Le pedí perdón por mi ignorancia. Después de este encuentro, cada uno se fue por su propio camino y no hemos hablado desde entonces. Durante mi largo viaje de vuelta, luché con la interacción que arruiné. Por millas y millas de cielo abierto me pregunté ‘¿Qué podría haber dicho diferente?’
Nuestros corazones hablan
Meses más tarde, me topé con una práctica espiritual que algunos terapeutas creyentes recomiendan. Se trataba del libro de Margaret Guenther, Holy Listening: The Art of Spiritual Direction. La autora guía a terapeutas y consejeros para que con bondad y firmeza se sienten con la gente que sufre para encontrarlos allí donde están, para después avanzar juntos.
Ese fue mi error. Por meses me había estado formulando la pregunta incorrecta en cuanto a la fracasada consejería que le ofrecí a mi amigo. En lugar de preguntar “¿Qué debería haber dicho”, debería haberme preguntado “¿Cómo debería haber escuchado”.
El escuchar santo no es un súper poder que puede enseñarse sólo a quienes van al seminario.
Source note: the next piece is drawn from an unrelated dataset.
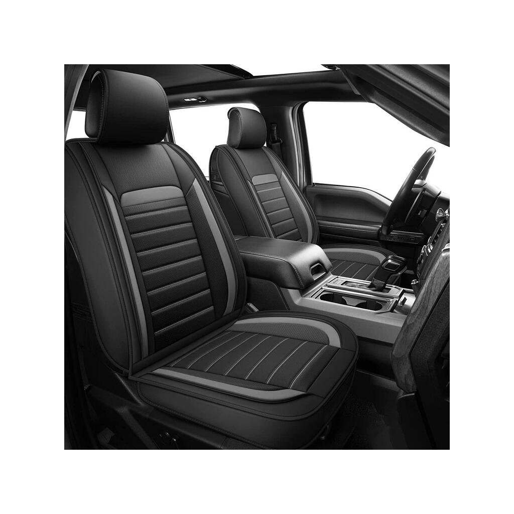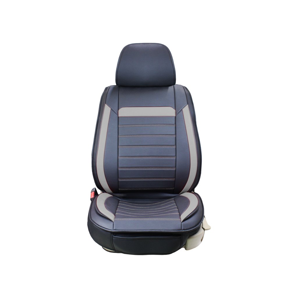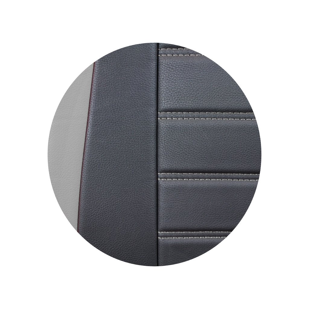 Univerzální autopotahy, sada pro 5 sedadel. Eko kůže. Homologovány pro boční airbagy. Včetně opěrek hlavy, vhodné pro sklopná sedadla, zadní loketní opěrku a 3. bezp. pás. Černo-šedá barva.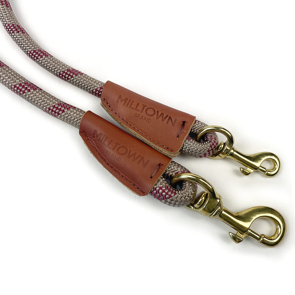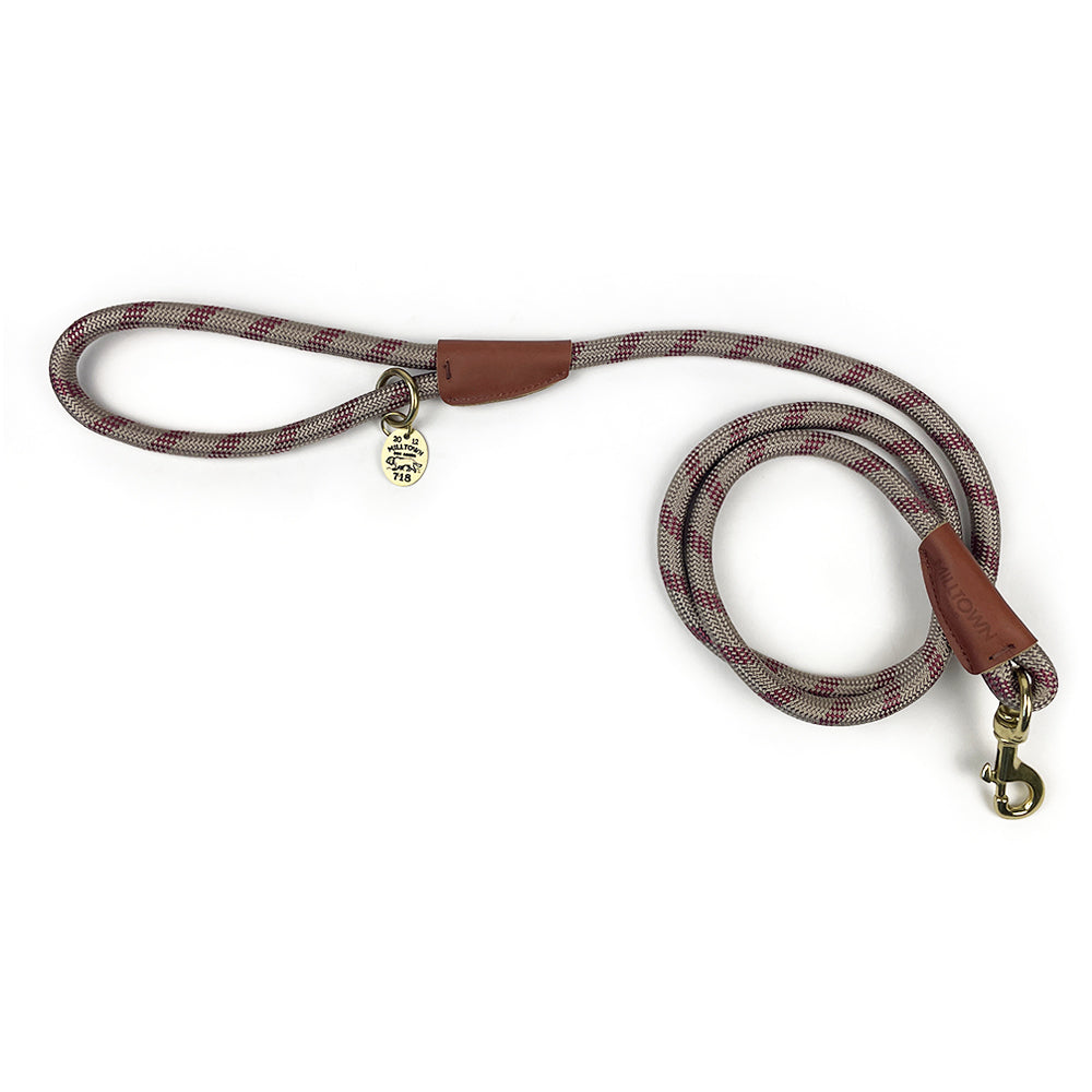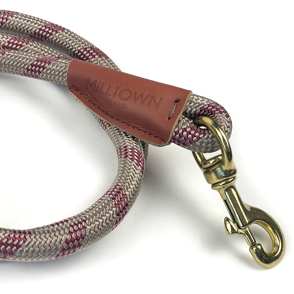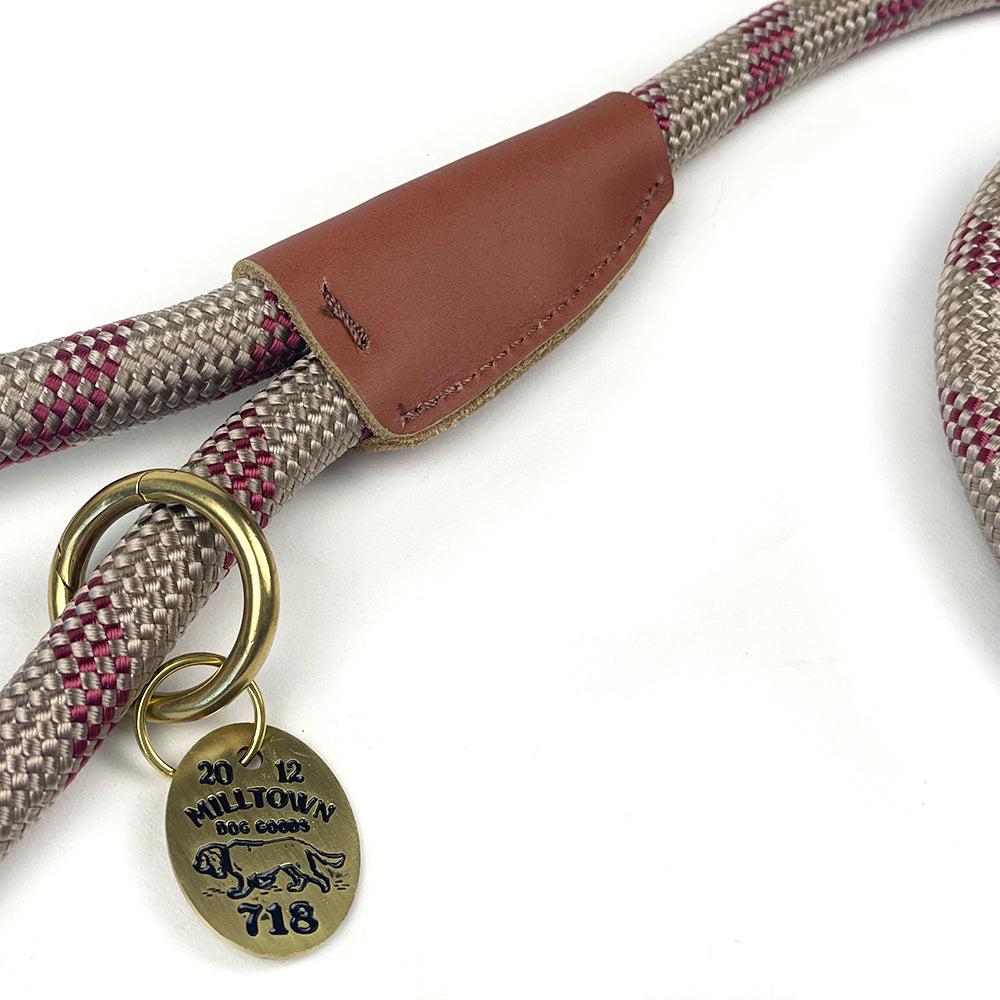 The Milltown Rope Leash brings together comfortable climbing-style nylon braided rope, premium leather, and solid brass hardware for a leash that is safe, secure, and stylish. The leashes feature a hand stamped Milltown Logo on the leather trim and a brass O-ring on the handle end for conveniently clipping our dog waste bag dispenser or any of our other accessories. A solid brass tag with an original design is included and can be used as a key chain, dog tag, or just a decoration.

De hecho, la sociedad puede beneficiarse de que todos aprendamos a escuchar con nuestros corazones antes de oír con nuestros oídos.
De modo que, ¿Qué podemos hacer con esto? Reconozcamos que si somos humildes podremos abrirnos para escuchar e involucrarnos con aquellos que ansían ser escuchados. Esta es una invitación a entablar una relación espiritual más profunda que el tan solo oír y conversar.